3. Operational Sovereignty
The control layer—responsible for managing workloads, access, and resources—must operate locally. Relying on external SaaS-based control systems introduces risks, making it essential to maintain full control within the organization’s own environment.
A Practical Architecture for Sovereign AI
A robust sovereign AI solution is built on a layered architecture that integrates open-source technologies. Red Hat AI acts as the central platform, combining Kubernetes-based infrastructure with tools like Kubeflow for training and Feast for data management.
This approach ensures:
- Full ownership of the AI stack
- Transparency through open-source components
- Flexibility to adapt and scale
Key Components of the Solution
High-Performance Training with Kubeflow
Kubeflow simplifies distributed model training on private infrastructure. It allows data scientists to run large-scale AI workloads without worrying about underlying hardware complexity.
- Ease of use: A unified interface simplifies distributed training
- Reliability: Jobs are managed efficiently, minimizing resource waste
- Efficiency: GPU resources are allocated dynamically for optimal utilization
Data Management with Feast
Feast acts as the bridge between raw data and machine learning models, ensuring consistency and traceability.
- Maintains accurate historical data for training
- Supports both batch (offline) and real-time (online) data access
- Provides a centralized feature registry for consistency across teams
End-to-End Sovereignty: From Training to Deployment
Sovereign AI must cover the entire lifecycle—not just model development. Once models are trained, they should be deployed and operated within the same secure environment.
With integrated model serving capabilities, organizations can:
- Process real-time data locally without relying on external APIs
- Optimize infrastructure usage for large AI models
- Maintain complete control over inference and monitoring
This creates a seamless pipeline: data collection → model training → deployment, all within a controlled and secure ecosystem.
Final Thoughts
Building sovereign AI requires more than local infrastructure—it demands a well-designed architecture that prioritizes security, scalability, and governance.

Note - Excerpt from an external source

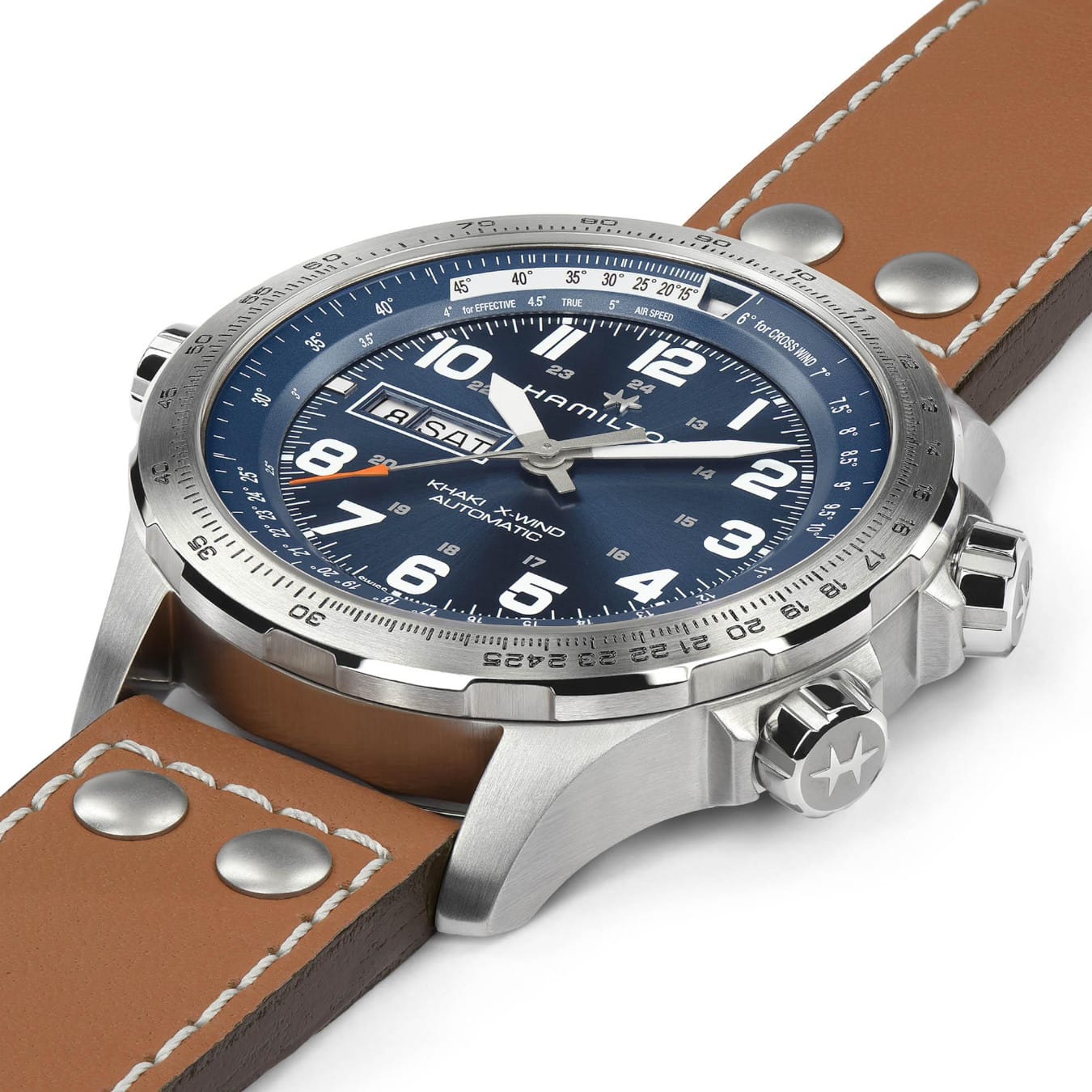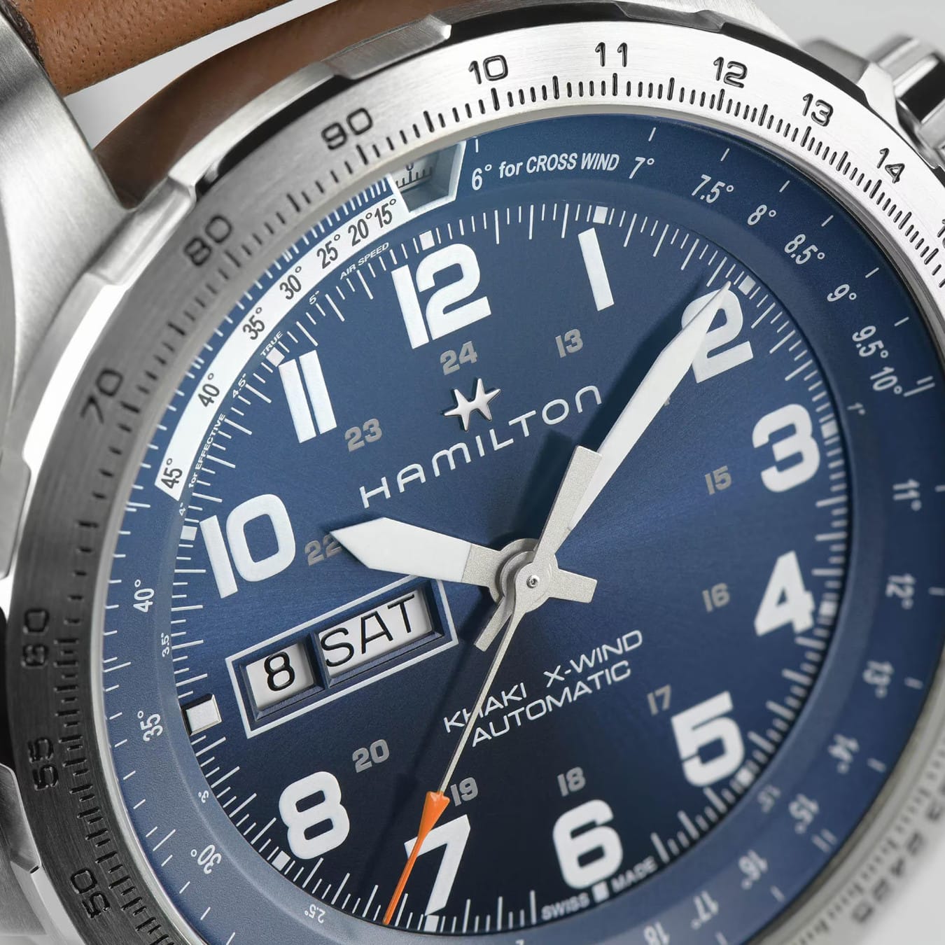 Hamilton has extended the Khaki X-Wind collection to include an automatic Day Date model. It relies on large SuperLumiNova® numerals and sporty hands for super readability - even when you only have a split second to glance at the dial. The Day Date window at 9 o'clock ensures the display is well balanced, clean, clear and ready for take off.

By combining platforms like OpenShift AI with tools such as Kubeflow and Feast, organizations can establish AI systems that are:
- Secure by design: Data never leaves the protected environment
- Scalable: Distributed computing enables efficient growth
- Auditable: Clear data lineage ensures compliance and reproducibility
Ultimately, sovereign AI empowers organizations to innovate confidently while maintaining full control over their data and technology—turning independence into a strategic advantage.